The Gussadi dance is a traditional folk dance form deeply rooted in the cultural practices of the Raj Gond tribes, particularly in the Adilabad District of Telangana, India, as well as parts of Maharashtra. It is performed by Dandari dance troupes around the Diwali festival, at an event celebrated annually by the Gond tribes and typically lasting between five and nine days.

The festival is considered by its attendees as a key cultural and religious event for the tribal communities. Kanaka Raju is seen as popularising the rhythmic dance form in 1982 when he performed it for Prime Minister Indira Gandhi in a highly watched setting. Raju received the padma shri, India's fourth highest civilian award, in 2021 for his contributions to promoting the gussadi dance.
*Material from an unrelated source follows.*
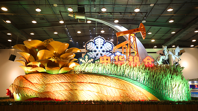 (黑龙江“中华粮仓”国庆彩车入驻冰雪大世界冰雪艺术宫)

==Dandari festival and dance performance==
The Gond people are believed to be one of the oldest tribes in India. The Gussadi dance is perceived as a means for them celebrate their history and perform devotions to their local gods.

The Dandari-Gussadi dance festival starts with the day of Bhogi by worshipping the local goddess Padmalpuri Kako Etmasur and some of the instruments used in the Gussadi dance such as the parra, vette and kodal. After the prayers, the men put on specific clothes for the Gussadi dance, which they believe will instill them with holiness for the duration of the festival.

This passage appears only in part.